Finland’s Ministry of Employment and the Economy explains the measures:
The measures to boost innovation and investments, adopted as part of government discussion on spending limits, will be subject to a fast track process. The measures will provide considerable opportunities for growth in various sectors and promote ways to harness the potential freed up from the ICT sector. In addition, work has already been initiated to rapidly implement measures required to deal with the structural change. Resources of the Finnish Funding Agency for Technology and Innovation Tekes will used in channelling expertise to other sectors and in the reorganisation of public services.
Key measures are set to be enforced following the governments next budget session in August. With Salo (a development and manufacturing plant for Nokia) already classified as an area of abrupt social change following cuts by the company, another key town in which the company operates — Oulu — could also given the classification.
Antti Vilpponen, CEO and co-founder of ArcticStartup, a technology website covering technology startups and growth entrepreneurship from the Nordic and Baltic countries, believes that it might not take too long for former Nokia employees to find new jobs, telling The Next Web: “While the €300 million won’t be direct financial investments into startups, it is a step into the right direction in creating a diverse, high growth and ambitious growth company ecosystem in Finland.”
“The Finnish Ministry of Employment and Economy carried out a study between the years 2007 and 2009 where it found out that about 100,000 new jobs were created in Finland. Half of those were created by high growth businesses. If this speed is kept up, the 3700 new jobs (the same amount Nokia will layoff in Finland) will be created in a mere 40 days.
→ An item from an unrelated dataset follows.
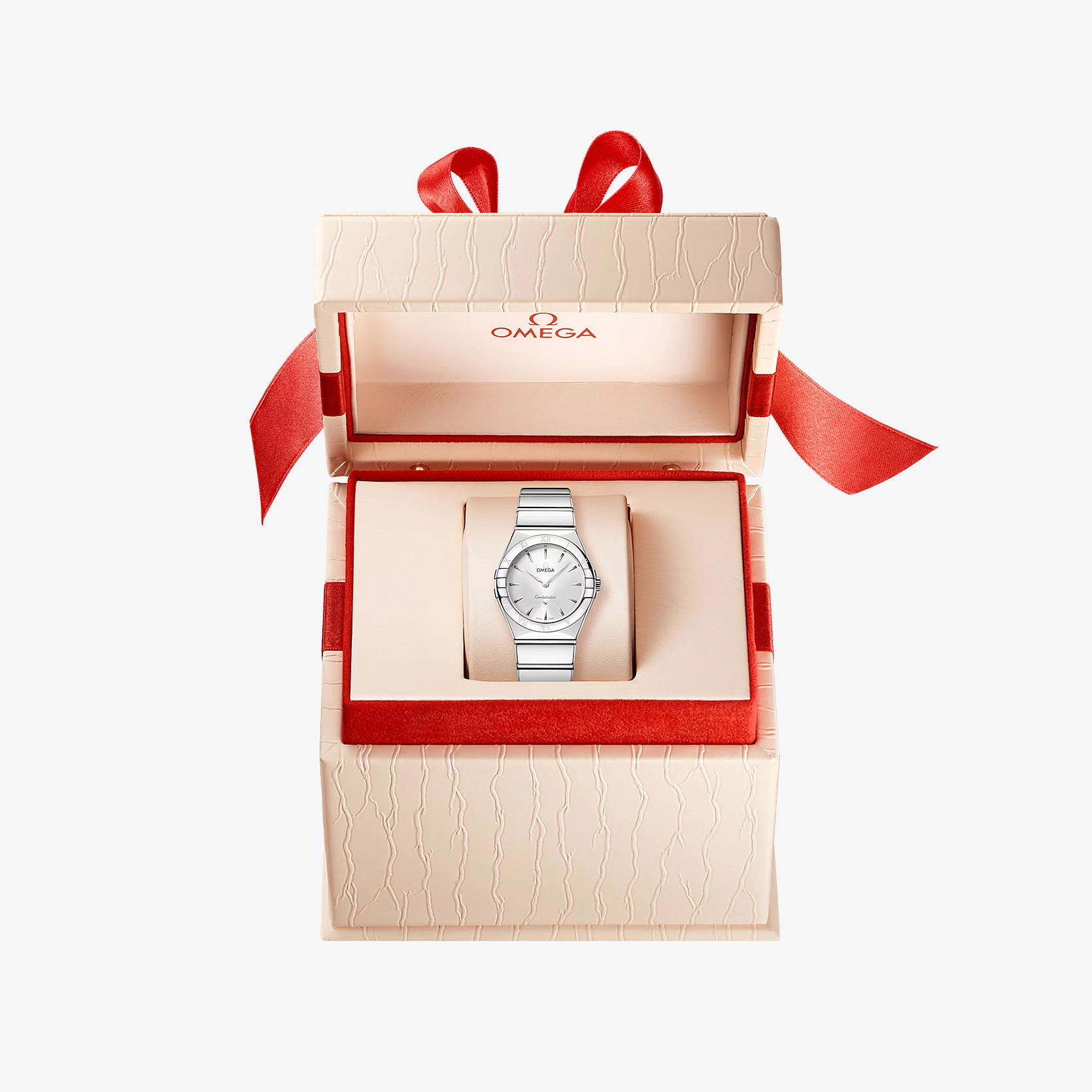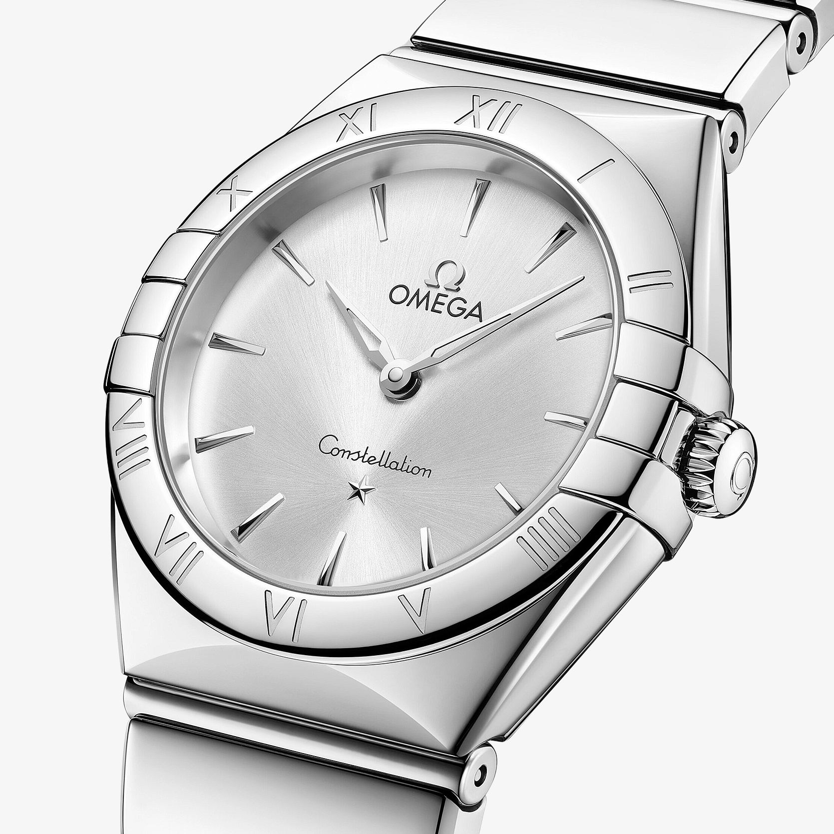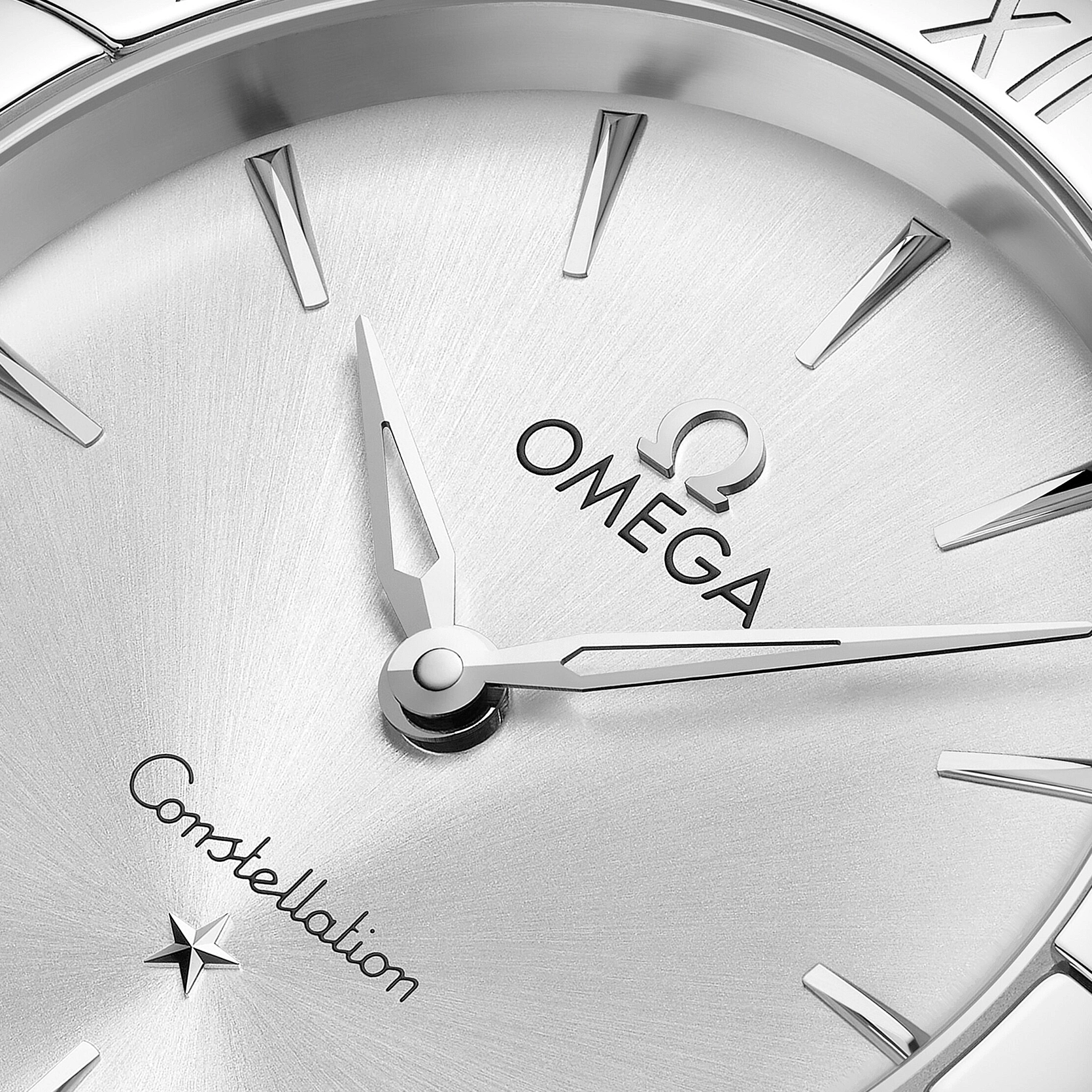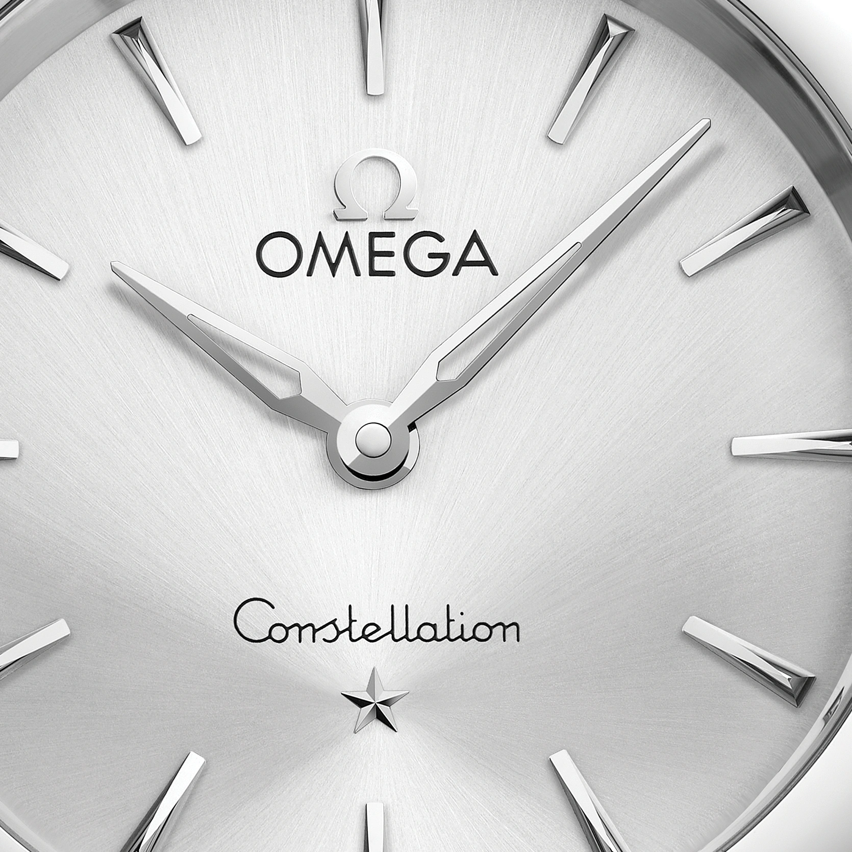 Ref. 131.10.28.60.02.002 - Die legendäre OMEGA Constellation zeichnet sich durch ihr berühmtes Gehäuse mit den Halbmondfacetten, ihre polierten Krappen an der Seite und eine sternengleiche Präzision aus. Dieses 28-mm-Modell ist aus Edelstahl gefertigt und verfügt über eine polierte Lünette mit eingravierten römischen Ziffern. Das silberfarbene Zifferblatt mit Sonnenschliff hat eine Galvanisierungs-Beschichtung. Weitere Details sind die polierten und skelettierten, aus 18 K Weißgold gefertigten Zeiger und der Stern bei sechs Uhr sowie die Stundenindizes aus poliertem 18 K Weißgold. Die Uhr wird von einem typischen polierten Monoblock-Armband mit komfortabler Verschlussanpassung am Handgelenk gehalten und von dem OMEGA Kaliber 4061 angetrieben, das sich hinter einem geprägten Constellation Observatoriumsmedaillon auf dem Gehäuseboden verbirgt.

All this highlights the importance of a diverse, high growth and ambitious startup environment for future financial and societal stability,” he added.
By cutting staff numbers, Nokia hopes to reduce expenses in its Devices & Services division by more than a billion Euros in the next year, having already saved approximately 700 million Euros by the end of the first quarter of 2012.
In total, Nokia says it will save more than 1.6 billion Euros by the end of 2013.